HAVING dutifully participated in Football Friday for umpteen months, we are now being rounded up again to participate in Flag Friday. My spirit is willing, but the flag on my car is not just weak, it’s almost “late”. To translate for those who don’t grasp KZN-speak, that means deceased.

Not wanting to be a partypooper, I dutifully went in search of a new flag to fly, especially since it serves another purpose, but more of that later. First I tried the Victoria Street fence, where some Zimbabweans used to do a steady trade, but they had gone. Then I tried the traffic lights at Peter Kerchhoff Street and Victoria Road which used to be decked out like a United Nations parade, but that was also no more. Finally, I cruised along Sanctuary Road, trying to look honourably purposeful, lest I be accused of loitering with disreputable intent. Alas, not even one single salesperson of pre- owned car mirror covers was to be found. They have all disappeared as suddenly and silently as they appeared, like early morning mist over Maritzburg.

Where have they gone, and what have they done with all their unsold stock? I find it hard to believe that they can have sold every­thing. After all, after the first round, who could have wanted a Greek or French flag? It’s not as though I’m asking for a sought-after Spanish flag, a German or even a BaGhana-BaGhana one. All I want is one SA flag to put on my car window. Where on Earth have they and those selling them gone?

Perhaps the sellers have taken a long-distance taxi home for some R&R, but what of their unsold stock? One national chain store offered to turn discarded flags into duvet covers and pillow cases. A youthful journo suggested they become miniskirts, bikinis or hair bandanas for the young and glamo­rous. These are dubious ideas. National pride and protocol dictate that the flags of nations be treated with the respect due an important symbol, hence the gravity with which flag-burning protests are viewed in many countries. A browse through Wikipedia will tell you how seriously some countries take their flags, dedicating laws to defining just how they may or may not be treated.

Earlier mention of car mirror covers reminds me of interesting uses to which I have seen them put. The first flashed past me stretched over a cyclist’s crash helmet, while the second was shielding a small baby’s head from the sun. However, for lateral thinking, neither of these have any­thing on the one I saw in the northern Berg secured over a container of sugar as protection against insects.
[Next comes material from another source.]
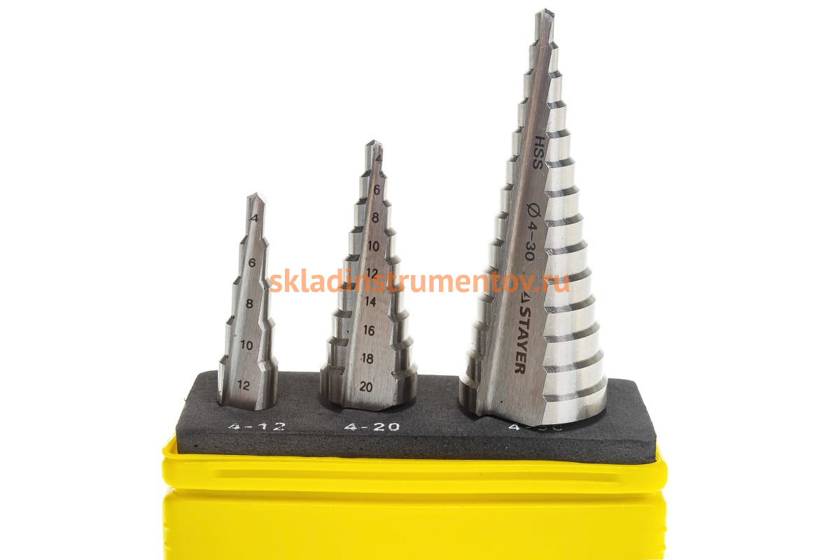 Набор ступенчатых сверл STAYER 29660-4-30-H3 предназначен для получения отверстий различного диаметра без перестановки режущего инструмента. Сверла изготовлены из быстрорежущей стали. Имеют трехгранный хвостовик.

I must confess that my desire to purchase another flag for my car has a motivation that has less to do with national fervour, and more to do with car parks. I have a long-abiding and seemingly incurable propensity for “losing’’ my motor vehicle in parking lots. The car guards at the mall have come to know me well. I’m the one they see from time to time wandering around with my arm in the air desperately activating the “open” button on my key hoping that my car will “beep” to tell me where it is. I can advise that this strategy is more successful at night than during the day. You can hear the sound more easily and — even better — see the flash of the headlights. Since my car started flying a flag, it has been a great deal easier to find it in a car park, especially since many others have removed theirs. So, if you find someone selling car flags, please buy me several. That way, my car will always be Proudly South African and I’ll be able to find it, long after the World Cup and Flag Friday have ended.